→ **TASK DATA**
# # # #
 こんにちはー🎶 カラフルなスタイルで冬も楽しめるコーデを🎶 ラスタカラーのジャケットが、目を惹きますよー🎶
# # # #
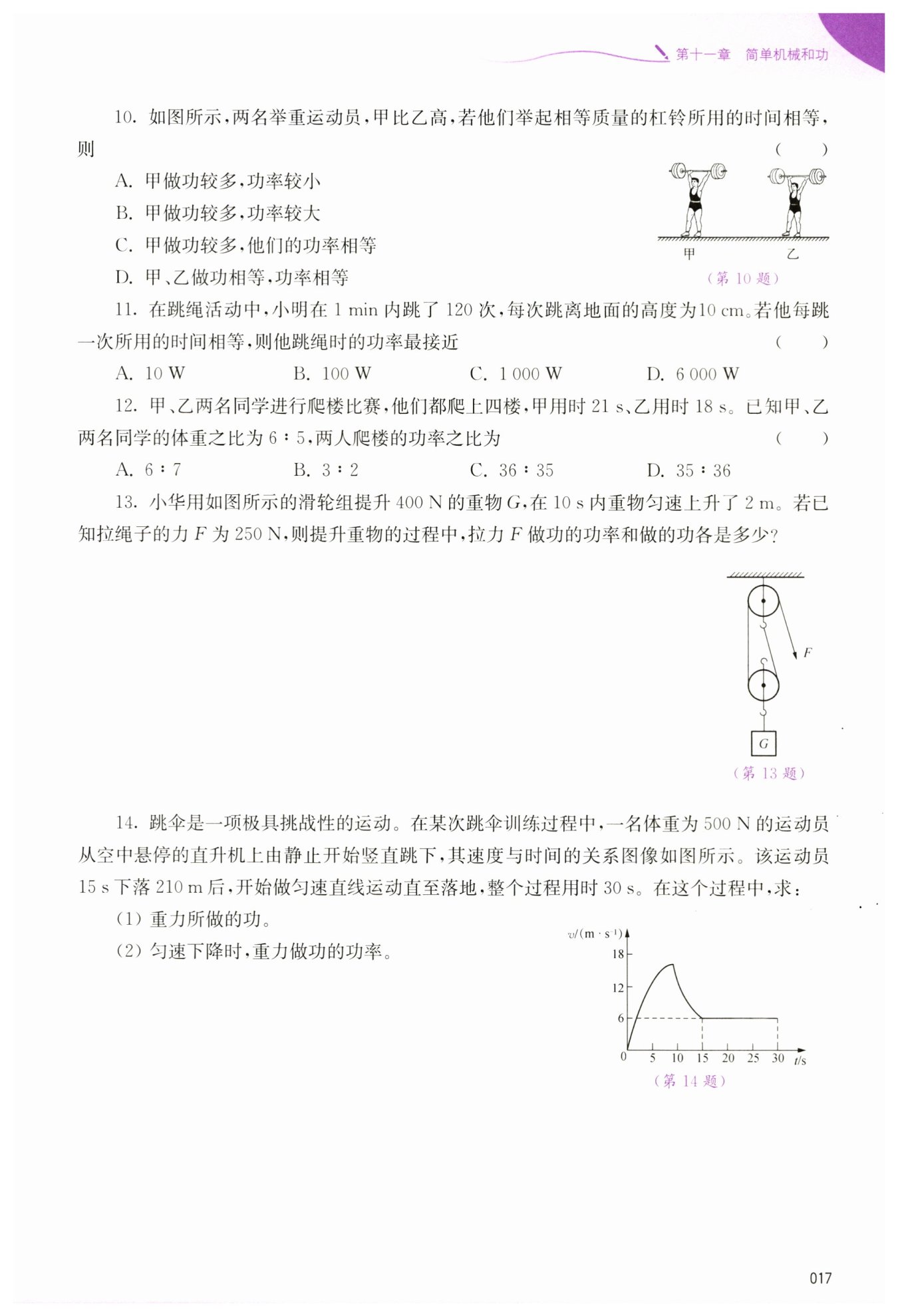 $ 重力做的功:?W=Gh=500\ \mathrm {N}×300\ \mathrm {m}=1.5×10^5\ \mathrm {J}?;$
# # # #
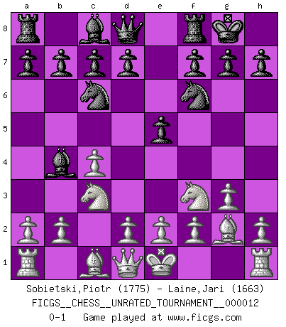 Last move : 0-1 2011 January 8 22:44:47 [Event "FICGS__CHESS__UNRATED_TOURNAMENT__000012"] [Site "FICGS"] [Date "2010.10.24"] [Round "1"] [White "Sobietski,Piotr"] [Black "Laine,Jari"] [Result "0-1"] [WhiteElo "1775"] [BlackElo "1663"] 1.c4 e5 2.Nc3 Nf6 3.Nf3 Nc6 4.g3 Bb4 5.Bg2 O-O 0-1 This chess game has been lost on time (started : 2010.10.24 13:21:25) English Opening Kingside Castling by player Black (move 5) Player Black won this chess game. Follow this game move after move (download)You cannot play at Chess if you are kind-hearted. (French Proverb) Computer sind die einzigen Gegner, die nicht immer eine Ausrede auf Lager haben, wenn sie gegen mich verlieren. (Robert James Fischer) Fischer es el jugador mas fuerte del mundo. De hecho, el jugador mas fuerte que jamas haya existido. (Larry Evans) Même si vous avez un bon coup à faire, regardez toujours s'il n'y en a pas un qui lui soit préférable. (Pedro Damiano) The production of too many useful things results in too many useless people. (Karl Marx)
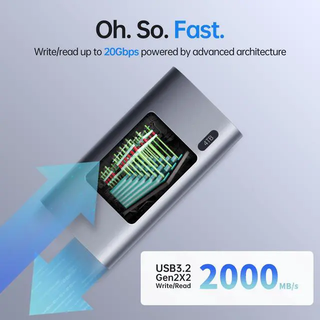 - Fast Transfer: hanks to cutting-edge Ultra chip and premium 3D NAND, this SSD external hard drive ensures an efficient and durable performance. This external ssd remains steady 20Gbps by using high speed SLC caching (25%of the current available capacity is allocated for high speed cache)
# # # #
→ **WHAT IS NEEDED**
Pictures do not belong in the answer. Return the lines above starting at the one with "Last move : 0-1" and ending at the one with "- Fast Transfer: hanks", both kept, exactly.

→ **ANSWER TO THIS EXERCISE**
 Last move : 0-1 2011 January 8 22:44:47 [Event "FICGS__CHESS__UNRATED_TOURNAMENT__000012"] [Site "FICGS"] [Date "2010.10.24"] [Round "1"] [White "Sobietski,Piotr"] [Black "Laine,Jari"] [Result "0-1"] [WhiteElo "1775"] [BlackElo "1663"] 1.c4 e5 2.Nc3 Nf6 3.Nf3 Nc6 4.g3 Bb4 5.Bg2 O-O 0-1 This chess game has been lost on time (started : 2010.10.24 13:21:25) English Opening Kingside Castling by player Black (move 5) Player Black won this chess game. Follow this game move after move (download)You cannot play at Chess if you are kind-hearted. (French Proverb) Computer sind die einzigen Gegner, die nicht immer eine Ausrede auf Lager haben, wenn sie gegen mich verlieren. (Robert James Fischer) Fischer es el jugador mas fuerte del mundo. De hecho, el jugador mas fuerte que jamas haya existido. (Larry Evans) Même si vous avez un bon coup à faire, regardez toujours s'il n'y en a pas un qui lui soit préférable. (Pedro Damiano) The production of too many useful things results in too many useless people. (Karl Marx)
 - Fast Transfer: hanks to cutting-edge Ultra chip and premium 3D NAND, this SSD external hard drive ensures an efficient and durable performance. This external ssd remains steady 20Gbps by using high speed SLC caching (25%of the current available capacity is allocated for high speed cache)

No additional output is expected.